= Beginning of Section =

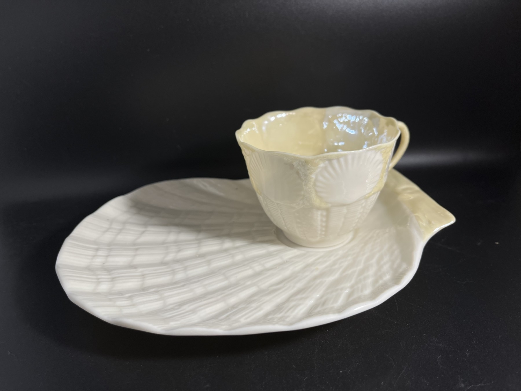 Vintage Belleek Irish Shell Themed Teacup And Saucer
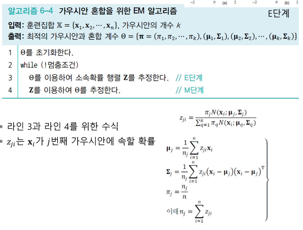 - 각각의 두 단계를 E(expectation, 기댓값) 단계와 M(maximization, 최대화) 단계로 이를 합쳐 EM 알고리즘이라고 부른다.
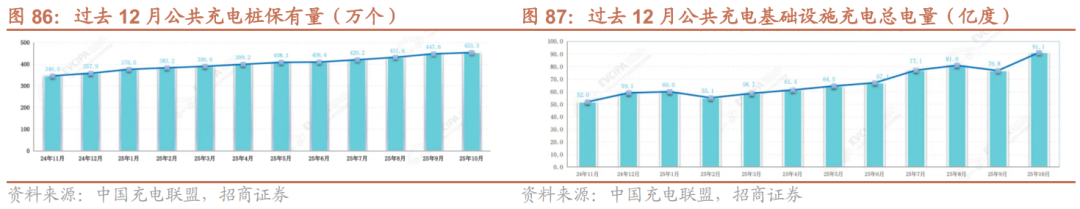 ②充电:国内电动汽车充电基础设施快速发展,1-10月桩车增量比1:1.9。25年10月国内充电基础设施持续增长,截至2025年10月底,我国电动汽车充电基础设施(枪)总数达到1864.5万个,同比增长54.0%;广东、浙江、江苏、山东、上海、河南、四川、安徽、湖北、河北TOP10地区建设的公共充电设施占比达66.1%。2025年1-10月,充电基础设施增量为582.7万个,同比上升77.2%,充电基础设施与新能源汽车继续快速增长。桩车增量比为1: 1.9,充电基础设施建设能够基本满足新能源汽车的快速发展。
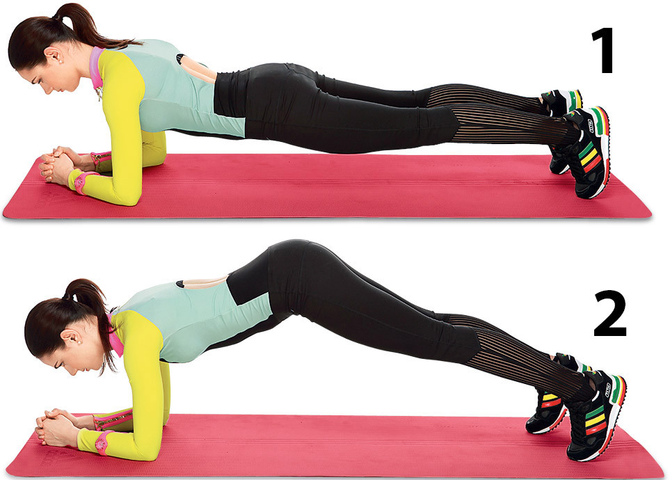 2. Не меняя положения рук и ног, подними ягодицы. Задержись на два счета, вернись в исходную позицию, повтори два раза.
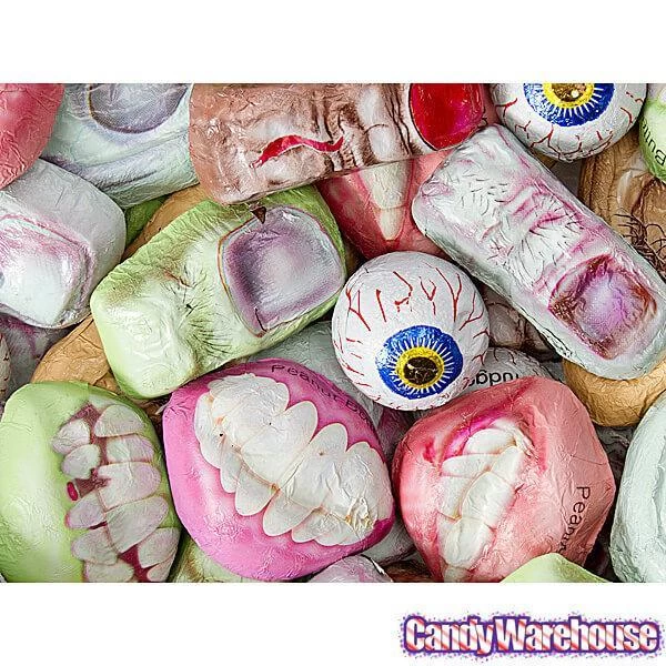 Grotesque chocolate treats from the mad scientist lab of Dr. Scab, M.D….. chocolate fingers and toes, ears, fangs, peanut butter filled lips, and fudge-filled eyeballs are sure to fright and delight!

= End of Section =

● WHAT YOU SHOULD DO: Retype nothing except the lines from the first line of the listing above through the line with "②充电:国内电动汽车充电基础", exactly as they stand, and no pictures.

● ANSWER BELOW:
 Vintage Belleek Irish Shell Themed Teacup And Saucer
 - 각각의 두 단계를 E(expectation, 기댓값) 단계와 M(maximization, 최대화) 단계로 이를 합쳐 EM 알고리즘이라고 부른다.
 ②充电:国内电动汽车充电基础设施快速发展,1-10月桩车增量比1:1.9。25年10月国内充电基础设施持续增长,截至2025年10月底,我国电动汽车充电基础设施(枪)总数达到1864.5万个,同比增长54.0%;广东、浙江、江苏、山东、上海、河南、四川、安徽、湖北、河北TOP10地区建设的公共充电设施占比达66.1%。2025年1-10月,充电基础设施增量为582.7万个,同比上升77.2%,充电基础设施与新能源汽车继续快速增长。桩车增量比为1: 1.9,充电基础设施建设能够基本满足新能源汽车的快速发展。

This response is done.